Understand Resolution to “Think with Maps”

(GeoWorld, March 2007)

(return to top of Topic)

One of the most fundamental concepts in the paper map world is Geographic Scale—the relationship between a distance on a map and its corresponding distance on the earth. In equation form, scale_ratio= map distance / ground distance but is often expressed as a representative fraction (RF), such as scale_RF= 1:63,360 meaning 1 inch on the map represents 63,360 inches (or 1 mile) on the earth’s surface.

However in the digital map world, this traditional concept of scale does not exist. While at first this might seem like cartographic heresy, note that the “map distance” component of the relationship is assumed to be fixed as ink marks on paper. In a GIS, however, the map features are stored as organized sets of numbers representing their spatial position (coordinates for “where”) and thematic attribute (map values for “what”). One can zoom in and out on the data thereby creating a continuous gradient of geographic scales in the resulting display or hardcopy plot.

Hence geographic scale is a function of the display, not an inherent property of the digital mapped data set. What is important is the implied concept of informational scale, or Resolution—the ability to discern detail. Traditionally it is implicit that as geographic scale decreases, resolution also diminishes since drafted feature boundaries must be smoothed, simplified or not shown at all due to the width of the inked lines.

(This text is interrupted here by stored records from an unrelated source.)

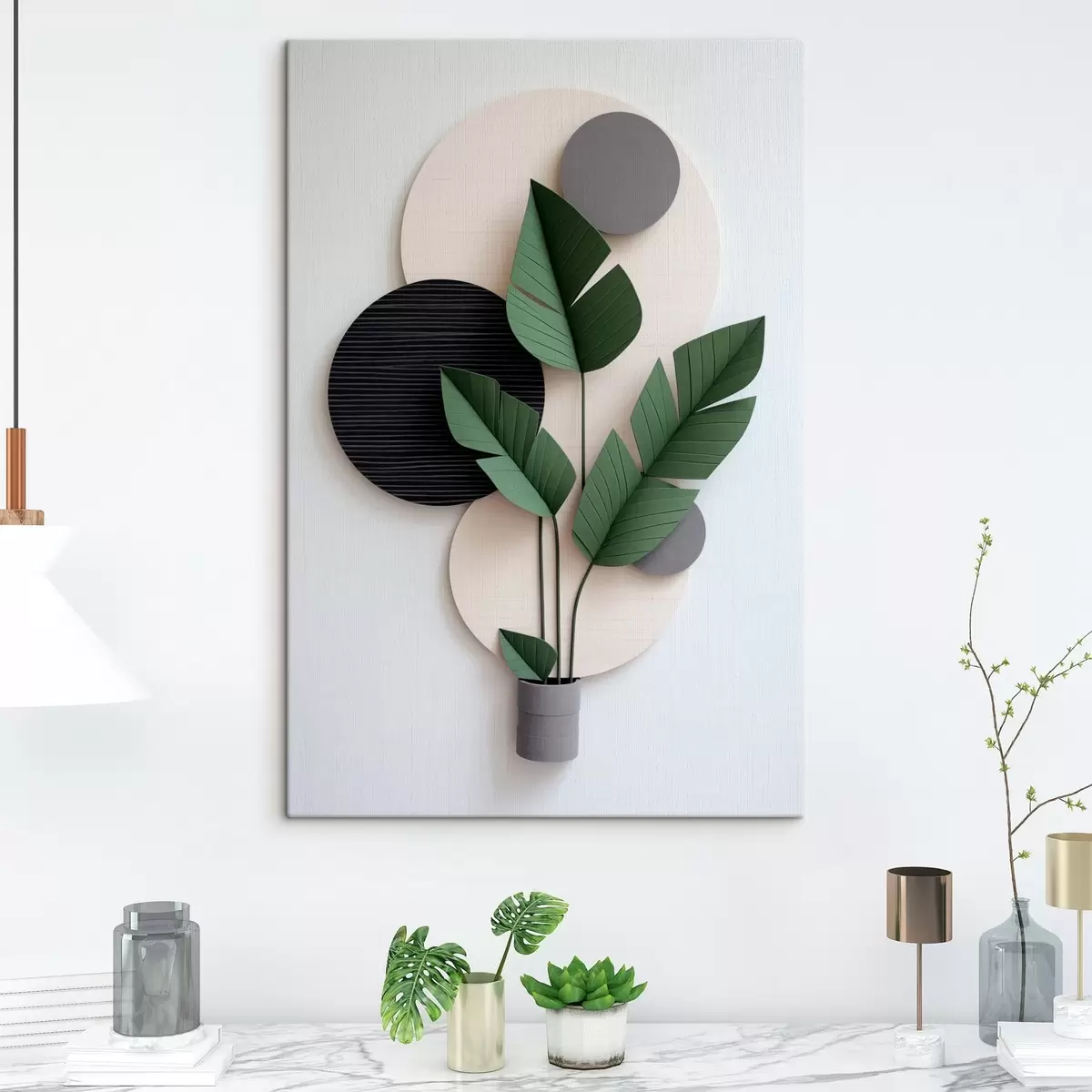Tablouri Compoziție minimalistă cu cercuri geometrice și frunze verzi s48607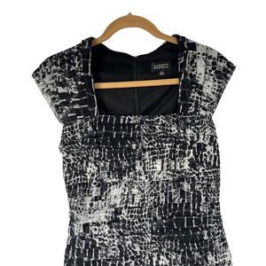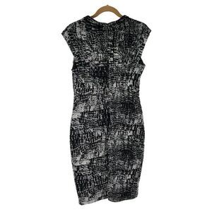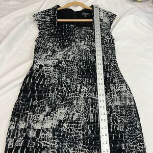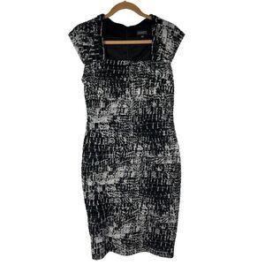 Adrianna Papell Black White Square Neck Tier Pleated Slimming Sheath Dress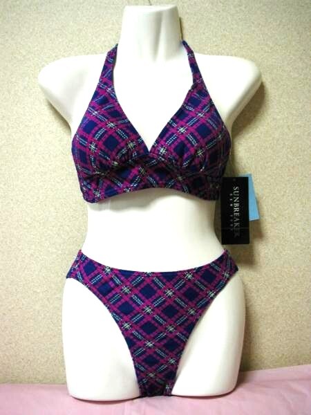 > 『送料無料』 『SUNBREAKER』★激安★スイムウエアー★ホルターネック★露室控えめ★水着 ビキニ★9M★チェック柄★パープルピンク系★
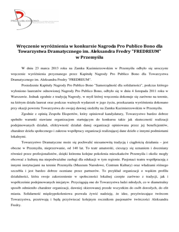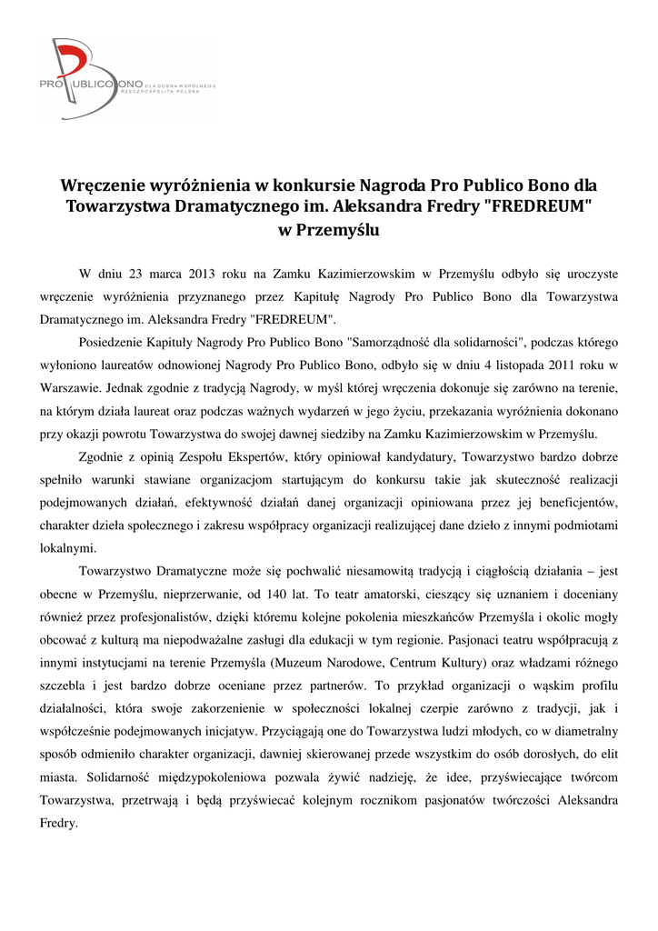 Wręczenie wyróżnienia w konkursie Nagroda Pro Publico Bono dla Towarzystwa Dramatycznego im. Aleksandra Fredry "FREDREUM" w Przemyślu W dniu 23 marca 2013 roku na Zamku Kazimierzowskim w Przemyślu odbyło się uroczyste wręczenie wyróżnienia przyznanego przez Kapitułę Nagrody Pro Publico Bono dla Towarzystwa Dramatycznego im. Aleksandra Fredry "FREDREUM". Posiedzenie Kapituły Nagrody Pro Publico Bono "Samorządność dla solidarności", podczas którego wyłoniono laureatów odnowionej Nagrody Pro Publico Bono, odbyło się w dniu 4 listopada 2011 roku w Warszawie. Jednak zgodnie z tradycją Nagrody, w myśl której wręczenia dokonuje się zarówno na terenie, na którym działa laureat oraz podczas ważnych wydarzeń w jego życiu, przekazania wyróżnienia dokonano przy okazji powrotu Towarzystwa do swojej dawnej siedziby na Zamku Kazimierzowskim w Przemyślu. Zgodnie z opinią Zespołu Ekspertów, który opiniował kandydatury, Towarzystwo bardzo dobrze spełniło warunki stawiane organizacjom startującym do konkursu takie jak skuteczność realizacji podejmowanych działań, efektywność działań danej organizacji opiniowana przez jej beneficjentów, charakter dzieła społecznego i zakresu współpracy organizacji realizującej dane dzieło z innymi podmiotami lokalnymi. Towarzystwo Dramatyczne może się pochwalić niesamowitą tradycją i ciągłością działania – jest obecne w Przemyślu, nieprzerwanie, od 140 lat. To teatr amatorski, cieszący się uznaniem i doceniany również przez profesjonalistów, dzięki któremu kolejne pokolenia mieszkańców Przemyśla i okolic mogły obcować z kulturą ma niepodważalne zasługi dla edukacji w tym regionie. Pasjonaci teatru współpracują z innymi instytucjami na terenie Przemyśla (Muzeum Narodowe, Centrum Kultury) oraz władzami różnego szczebla i jest bardzo dobrze oceniane przez partnerów. To przykład organizacji o wąskim profilu działalności, która swoje zakorzenienie w społeczności lokalnej czerpie zarówno z tradycji, jak i współcześnie podejmowanych inicjatyw. Przyciągają one do Towarzystwa ludzi młodych, co w diametralny sposób odmieniło charakter organizacji, dawniej skierowanej przede wszystkim do osób dorosłych, do elit miasta. Solidarność międzypokoleniowa pozwala żywić nadzieję, że idee, przyświecające twórcom Towarzystwa, przetrwają i będą przyświecać kolejnym rocznikom pasjonatów twórczości Aleksandra Fredry. Wręczenia wyróżnienia dokonali przedstawiciele Fundacji Konkurs Pro Publico Bono. Tomasz Wasielewski – członek Kolegium Ekspertów dokonał wprowadzenia, po czym głos zabrał Waldemar Rataj wiceprzewodniczący Kapituły Nagrody Konkursu. Wyróżnienie przekazano na ręce Prezes Zarządu Towarzystwa, Pani Krystyny Maresch – Knapek. Głos zabrała również Pani Łucja Bielec – Prezes Fundacji SOS Życie z Mielca, która była laureatem w konkursie o Nagrodę Dwudziestolecia Odrodzenia Niepodległej Polski Pro Publico Bono. Pani Łucja Bielec m.in. podkreśliła rolę wzmacniania więzi i współpracy pomiędzy organizacjami obywatelskimi - laureatami nagrody zwłaszcza działających na jednym terenie, w tym przypadku na Podkarpaciu. Uroczystość odbyła się w nowo wyremontowanej sali teatru przy pełnej widowni. Głównym wydarzeniem wieczoru, na który przybyli goście były wystawiane dwie jednoaktówki Czechowa: „Oświadczyny” i premierowo „Niedźwiedź” w reżyserii Krystyny Maresch – Kanpek. Tomasz Wasielewski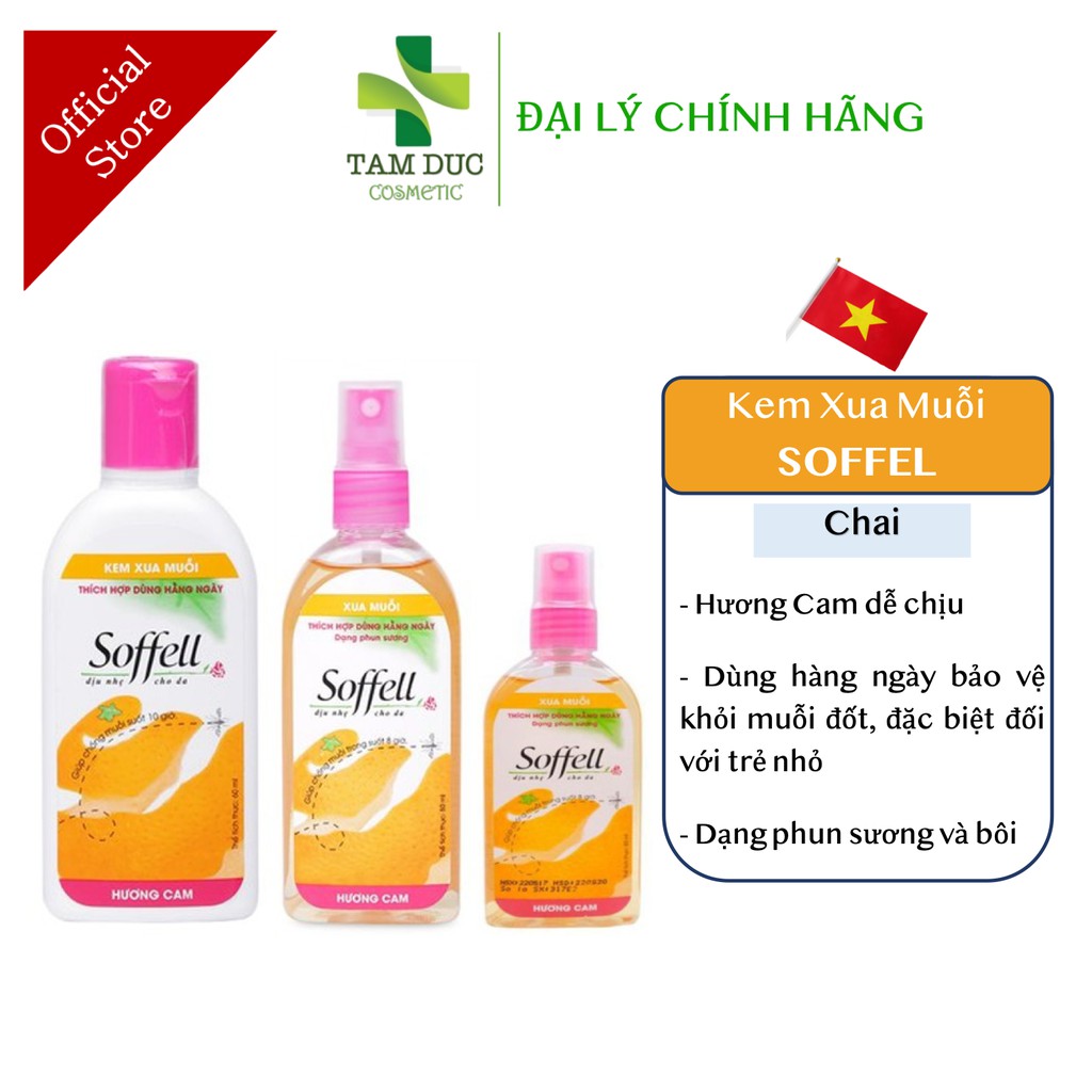 Giới thiệu Kem Bôi / Xịt chống muỗi / Xua Muỗi SOFFELL Hương hoa, cam [sofell, soffel, sofel]
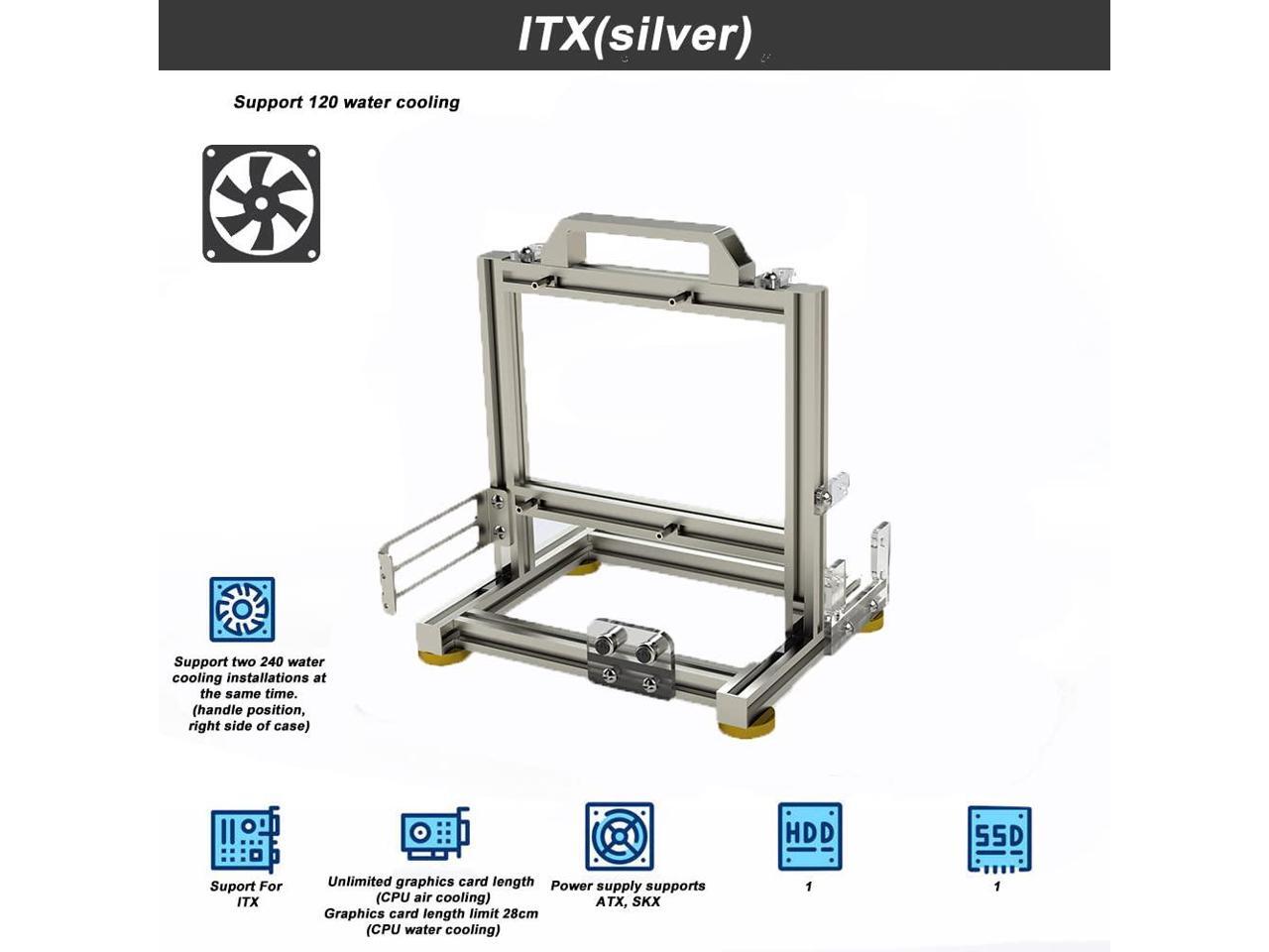 - Mini ITX Size: 24*24*20cm (height without handle).The product only includes open case accessories, and does not include other products outside the open case. The open case frame needs to be installed by itself.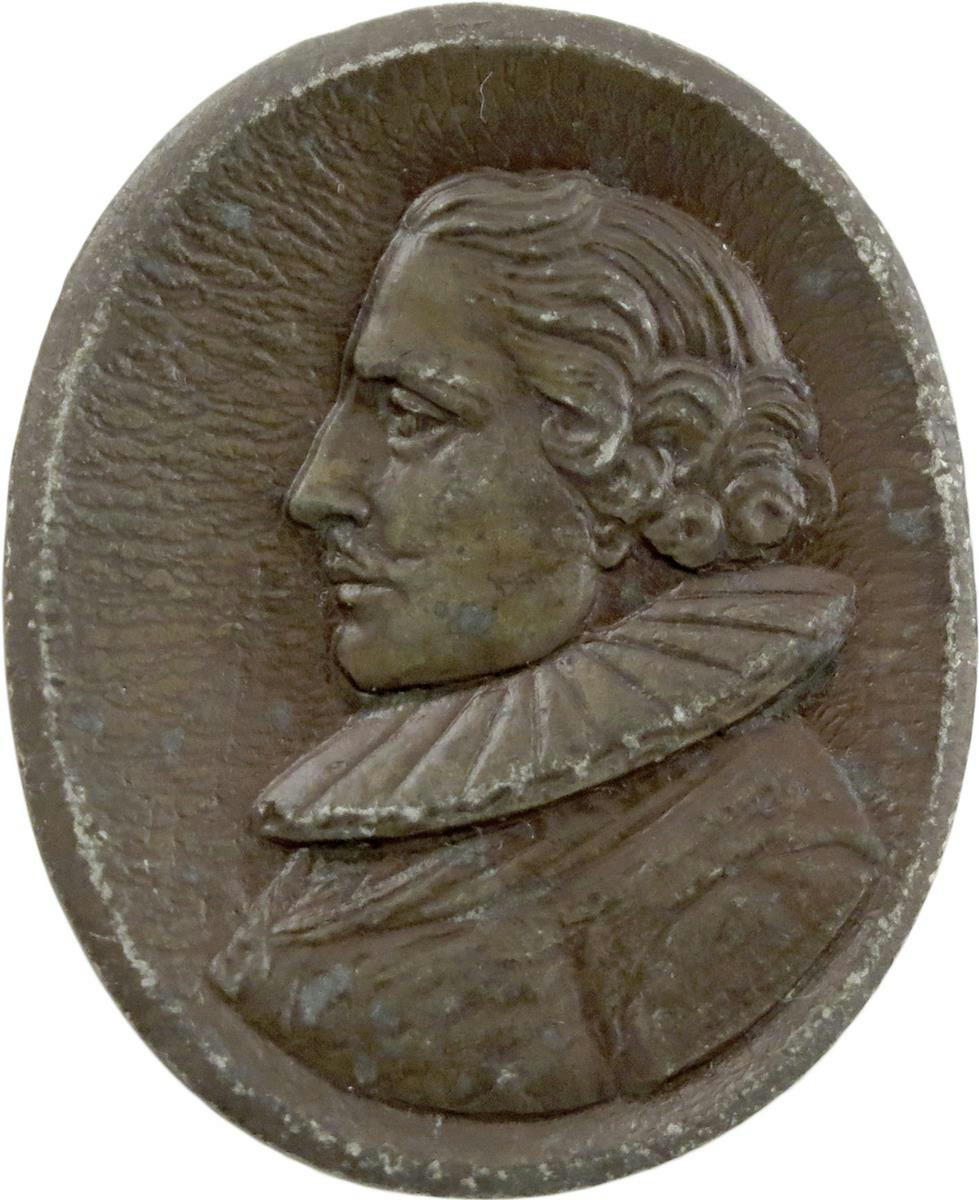 George Villiers, 1st Duke of Buckingham (1592-1628), uniface oval bronzed-lead medal, c. 1628, bust left wearing ruff collar and garter George on ribbon, on 'wavy' background, rev., engraved "G. VILLERS DVKE BVCKIN", 43 x 35mm (Hodgkin 13; MI - ; Platt - ). Very fine and rare.

However in a GIS, the concept of resolution is explicit. In fact there are five types of resolution that need to be considered—Spatial, Mapping, Thematic, Temporal and Model. Spatial Resolution is the most basic and identifies the “smallest addressable unit” of geographic space (figure 1). For point features, the X,Y coordinates (vector) and cell size (raster) determine the smallest addressable unit.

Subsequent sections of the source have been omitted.